Here is the revised set of flashcards with duplicates removed:

Q: What are the main structures derived from each of the three primary brain vesicles?
A: Prosencephalon, Mesencephalon, and Rhombencephalon lead to various brain structures.

Q: What is the significance of understanding normal brain anatomy in the context of neuroscience?
A: It provides a necessary basis to understand diseases.

Q: What is the significance of fiber tracts in brain communication?
A: They facilitate the rapid transmission of information between brain regions.

Q: What are the major divisions of the human nervous system?
A: Central nervous system (CNS) and peripheral nervous system (PNS).

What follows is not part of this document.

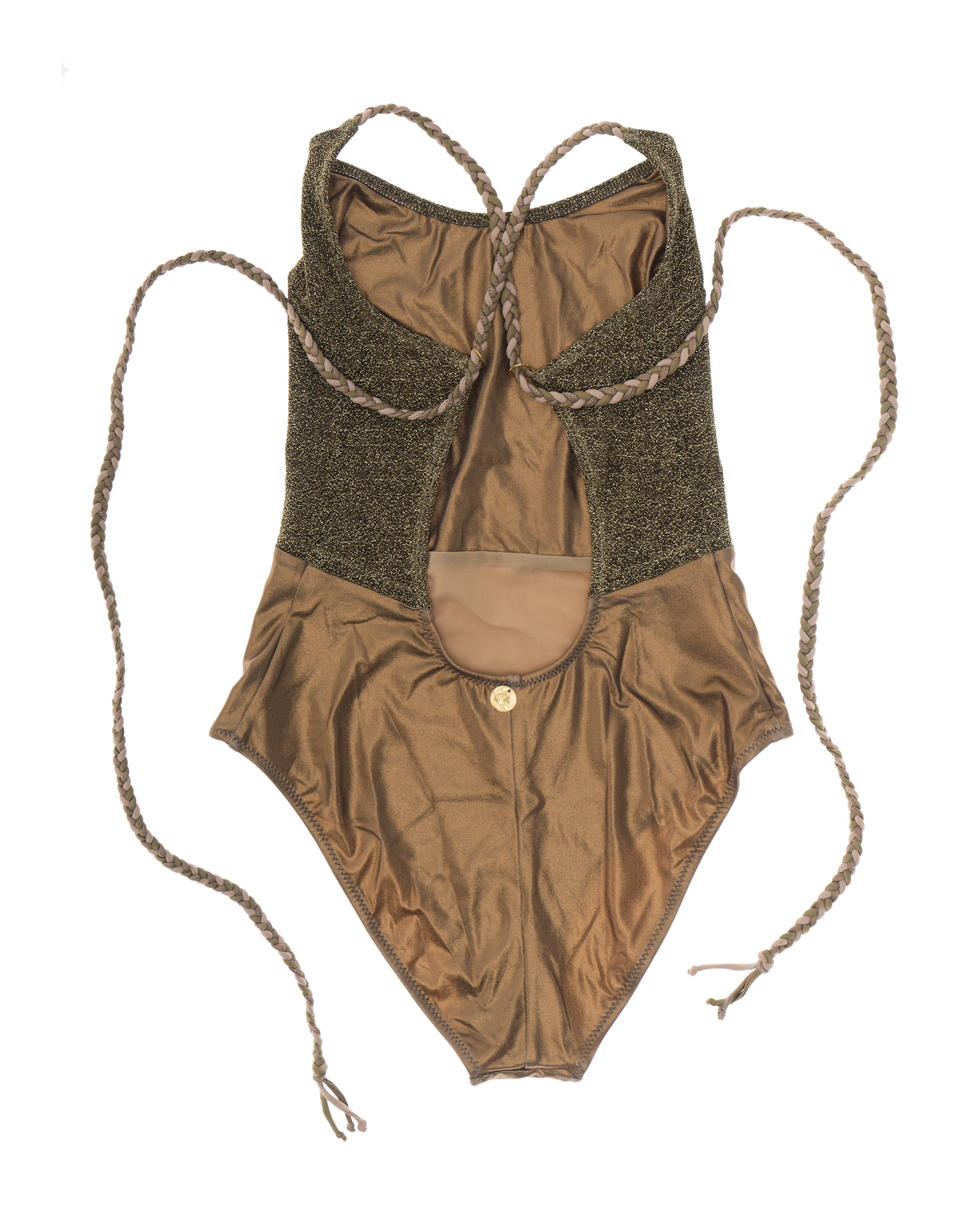 Costume intero in lurex e lamina bronzo; lacci a treccia fatta a mano; allacciatura al collo o sulla schiena.
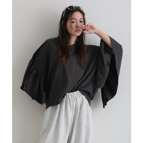 ゆったりとしたドロップショルダーと広がる袖が、自然な抜け感を演出。

Q: What are neural tube defects and their common forms?
A: Defects such as Anencephalus and Spina bifida due to failure of closure.

Q: How does the structure of the spinal cord change during growth?
A: The spinal cord doesn't grow as fast as the spine, leading to elongation of rootlets.

Q: What types of fibers are includ

In [8]:
import spacy

nlp = spacy.blank("en")


def text_to_csv(text, output_csv):
    doc = nlp(text)

    questions = []
    answers = []

    for line in text.splitlines():
        line = line.strip()

        if line.startswith("Q: "):
            questions.append(line[3:].strip())
        elif line.startswith("A: "):
            answers.append(line[3:].strip())

    # Daten in einen DataFrame übertragen und als CSV speichern
    df = pd.DataFrame({"Question": questions, "Answer": answers})
    df.to_csv(output_csv, index=False, header=False, encoding="utf-8")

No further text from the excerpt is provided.